The Reprogramming Approach
Eye Movement Desensitization and Reprocessing, or EMDR, is a non-traditional style of therapy in the sense that it doesn’t rely on talking techniques or problem analysis. Instead, EMDR therapy helps clients manage the impact of traumatic events by attending to rapid, rhythmic eye movements as clients process trauma-related information. It’s standard practice to ask clients to follow visually follow hand movements while recalling a traumatic event. Afterwards, clients are assisted in reprocessing their experience by again linking thoughts and reactions with outside stimuli (usually music or tapping) but this time by accessing more adaptive information.
If you’ve survived a traumatic event, it’s not unusual to experience extreme stress reactions. In fact, these reactions are expected, you’re normal if you have them, given the shock and strain you’ve gone through. Recurrent thoughts about the event, a desire to avoid any reminder of what happened, physical reactions such as shaking and cold sweat, as well as emotional responses such as incessant crying or angry outbursts, are all part of coping with unusual and extreme situations.
EMDR therapy has been found to be particularly effective for Acute Stress Disorder and Post-Traumatic Stress Disorder (PTSD), both stress reactions after a traumatic experience.
How does it work?
Francine Shapiro, who founded this approach, grounds EMDR on the way information is processed in our brains. In particular, Shapiro found that when memories are stored, they’re linked with emotions, bodily reactions, sensations, and other memories. For the processing of an experience to be adaptive, these elements must be synchronised in a congruent way.

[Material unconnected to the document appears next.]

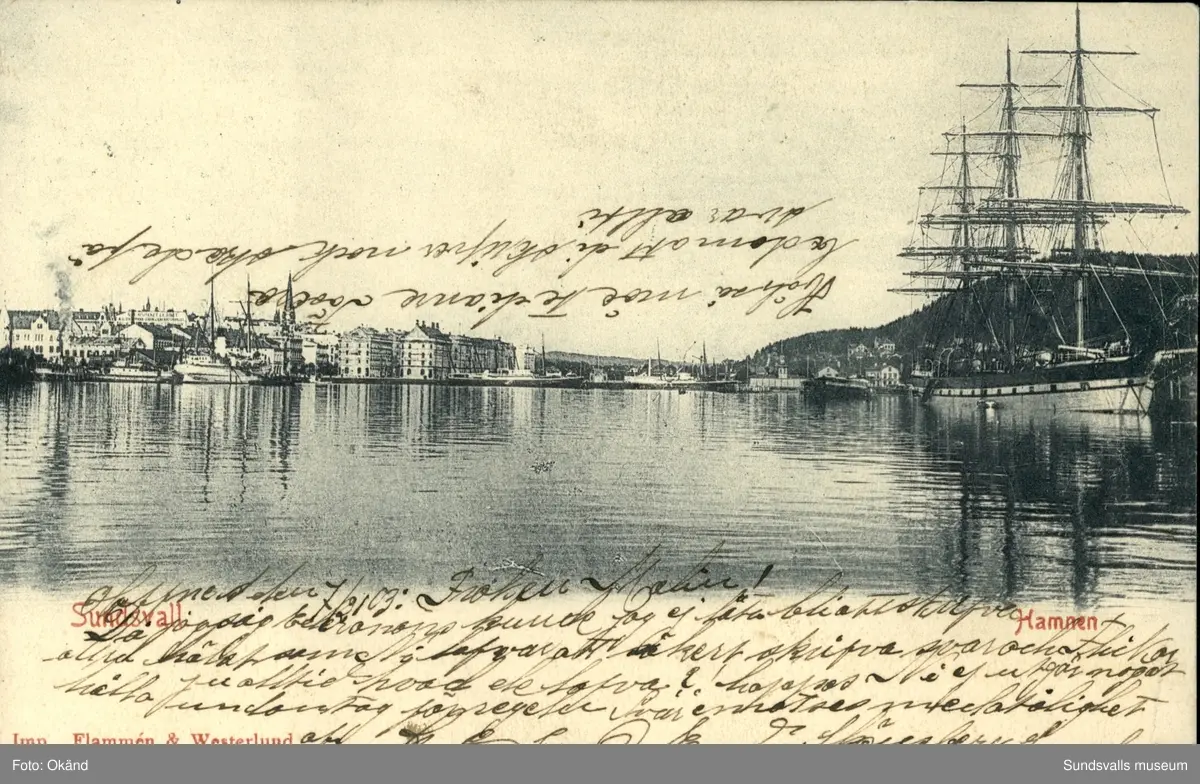 Vykort med motiv över hamnen i Sundsvall.

However, when traumatic events happen, some of the links get broken, and the processing of information becomes distorted. A war veteran, for example, may know that the war is over but still the bodily reactions persist, as the information linking was left incomplete. When this link is reprogrammed, healing can begin.
Full treatment involves a three-pronged process: 1. Past memories, 2.Present disturbance, 3. future actions. The goal of EMDR therapy is to completely process the experiences that are causing problems. Processing does not mean talking about the issue or experience, it means setting up a learning state that will allow negative, problematic experiences to be digested and stored more appropriately in your brain. This process can then guide you in positive ways in the future, leaving you with the emotions, understanding and attitudes that will allow healthy behaviours and interactions.

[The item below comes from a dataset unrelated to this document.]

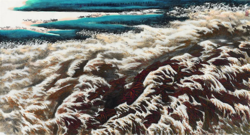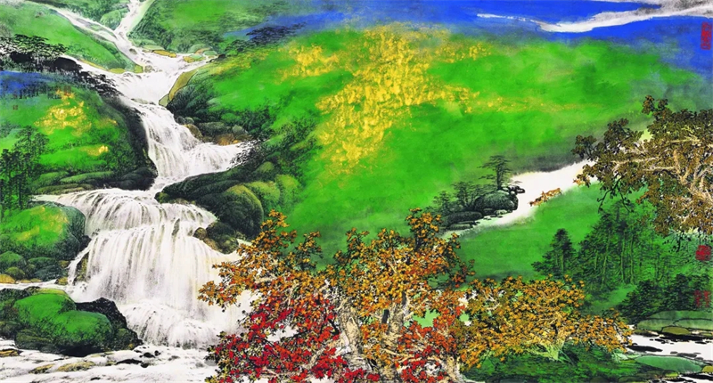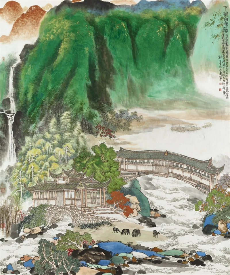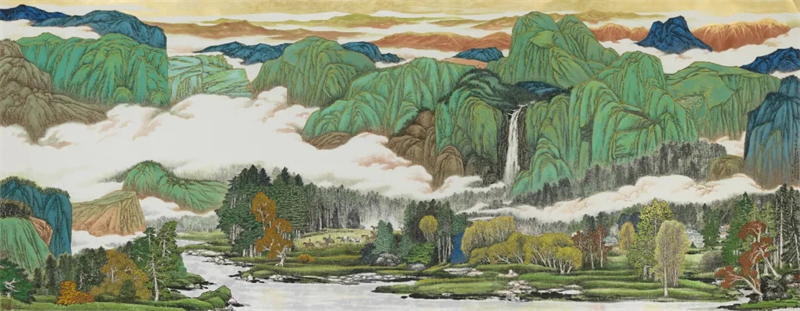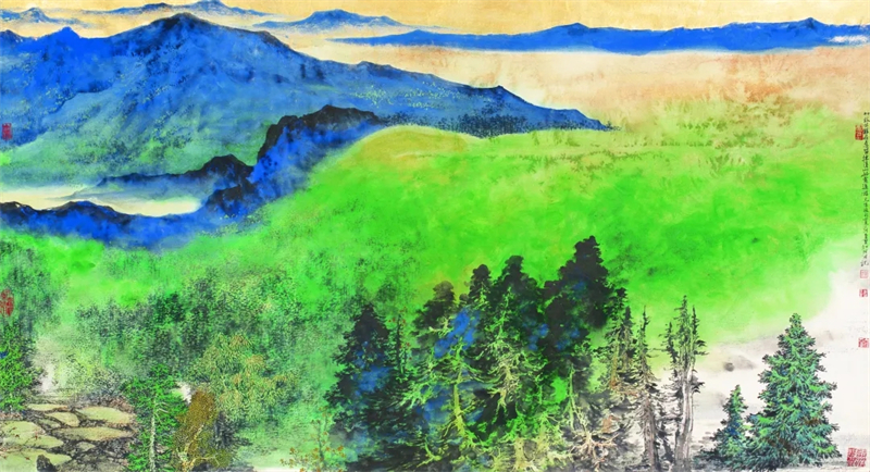 五十當知天命,選擇青綠山水傳統作為努力方向,又有遠游世界之旅,漸漸形成融合東西探索的作品,曾在亞洲、歐洲、美洲各地展覽,有了一些領會,現在挑出百幅作品,回報祖國、回報鄉親。

What issues does it treat?
As mentioned previously, EMDR has been found most helpful for people who have witnessed or experienced a traumatic event. What constitutes as traumatic differs from person to person, depending on their coping resources. Survivors of extreme situations like violence or natural disasters may experience post-event stress reactions. But some people may find the loss of a job or a break up with a partner as traumatic as well. EMDR therapy is a great alternative when clients find it difficult to talk about what happened to them.
But while EMDR therapy is known more for handling trauma reactions, it has also been found helpful for other conditions where the link between emotions and reactions need to be reprogrammed.
People whose memories need healing, such as adult children of abusive parents, can benefit from EMDR. Similarly, addictions like gambling or overeating are treated through EMDR by re-processing links between cravings and behaviour. Anxiety disorders and panic attacks have also been helped by EMDR therapy.